▶ [THE DATA]:
****************************************
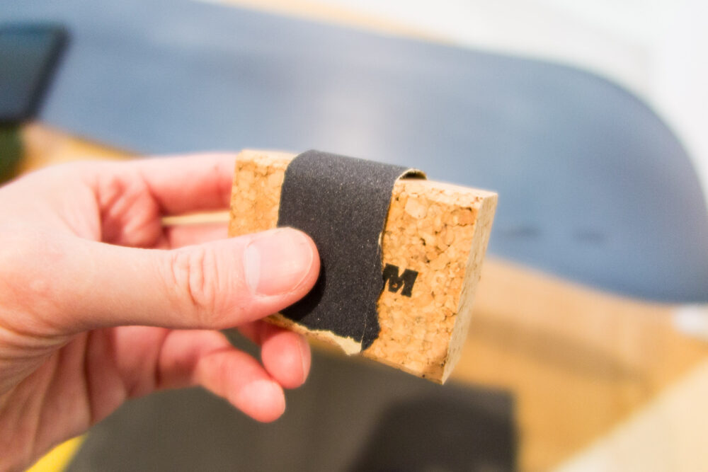 紙やすりをコルクに巻いて傷のところを削る。#240と#400を使う。
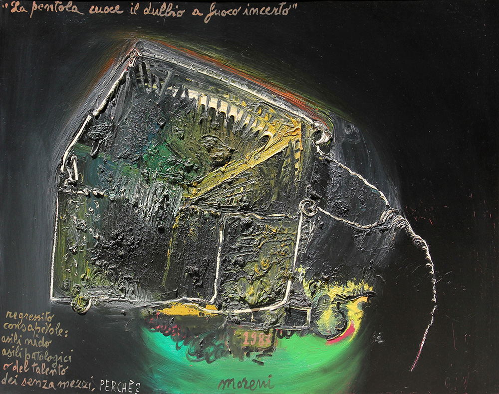 Mattia MORENI (Pavia 1920-11-12 Brisighella 1999-06-01) Regressivo consapevole. La pentola cuoce il dubbio a fuoco incerto 1987 olio su tela cm. 100 x 130"Mattia Moreni. Il regressivo consapevole", ed. Mondadori associati, Milano, p. 257 Titolo "La pentola cuoce il dubbio a fuoco incerto" (in alto a sinistra); data, firma "1987, Moreni" (in basso al centro) Titolo, misure, firma, data "Regressivo consapevole. La pentola cuoce il dubbio a fuoco incerto, cm. 100x130, Mattia Moreni, 1987"; etichetta e timbro della Galleria Annunciata, Milano (al retro) Titolo "La pentola cuoce il dubbio a fuoco incerto" (in alto a sinistra); data, firma "1987, Moreni" (in basso al centro) Titolo, misure, firma, data "Regressivo consapevole. La pentola cuoce il dubbio a fuoco incerto, cm. 100x130, Mattia Moreni, 1987"; etichetta e timbro della Galleria Annunciata, Milano (al retro)
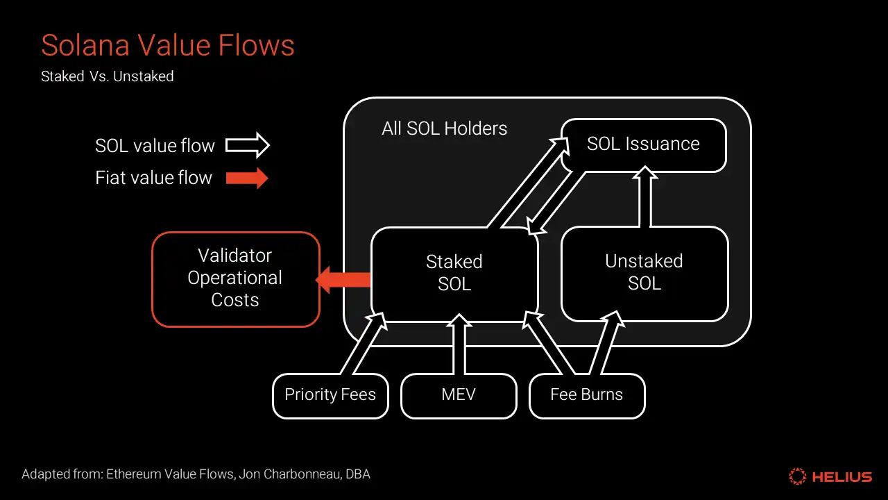 This model shows how Proof of Stake (PoS) staking not only prevents dilution, but actually strengthens holders’ network ownership over time. Additionally, this simplified scenario accurately reflects Solana’s current inflation rewards. With Solana’s current inflation rate of 5.07% and a total supply of 583 million SOL, of which 378 million SOL are staked (a staking rate of 65%), users can expect similar annual value transfers through inflation rewards. Stakers gain approximately 2.4% in network ownership, while non-stakers lose approximately 4.8% in network ownership. Based on this simplified model, stakers should receive a nominal 7.5% SOL staking return per year, which is roughly in line with current actual returns. Of course, the actual situation is more complicated than this model, which we will discuss in detail in the subsequent discussion.
****************************************
Please reproduce all the material exactly. Pictures stay out of the copy.

▶ [THE COMPLETED TASK]:
 紙やすりをコルクに巻いて傷のところを削る。#240と#400を使う。
 Mattia MORENI (Pavia 1920-11-12 Brisighella 1999-06-01) Regressivo consapevole. La pentola cuoce il dubbio a fuoco incerto 1987 olio su tela cm. 100 x 130"Mattia Moreni. Il regressivo consapevole", ed. Mondadori associati, Milano, p. 257 Titolo "La pentola cuoce il dubbio a fuoco incerto" (in alto a sinistra); data, firma "1987, Moreni" (in basso al centro) Titolo, misure, firma, data "Regressivo consapevole. La pentola cuoce il dubbio a fuoco incerto, cm. 100x130, Mattia Moreni, 1987"; etichetta e timbro della Galleria Annunciata, Milano (al retro) Titolo "La pentola cuoce il dubbio a fuoco incerto" (in alto a sinistra); data, firma "1987, Moreni" (in basso al centro) Titolo, misure, firma, data "Regressivo consapevole. La pentola cuoce il dubbio a fuoco incerto, cm. 100x130, Mattia Moreni, 1987"; etichetta e timbro della Galleria Annunciata, Milano (al retro)
 This model shows how Proof of Stake (PoS) staking not only prevents dilution, but actually strengthens holders’ network ownership over time. Additionally, this simplified scenario accurately reflects Solana’s current inflation rewards. With Solana’s current inflation rate of 5.07% and a total supply of 583 million SOL, of which 378 million SOL are staked (a staking rate of 65%), users can expect similar annual value transfers through inflation rewards. Stakers gain approximately 2.4% in network ownership, while non-stakers lose approximately 4.8% in network ownership. Based on this simplified model, stakers should receive a nominal 7.5% SOL staking return per year, which is roughly in line with current actual returns. Of course, the actual situation is more complicated than this model, which we will discuss in detail in the subsequent discussion.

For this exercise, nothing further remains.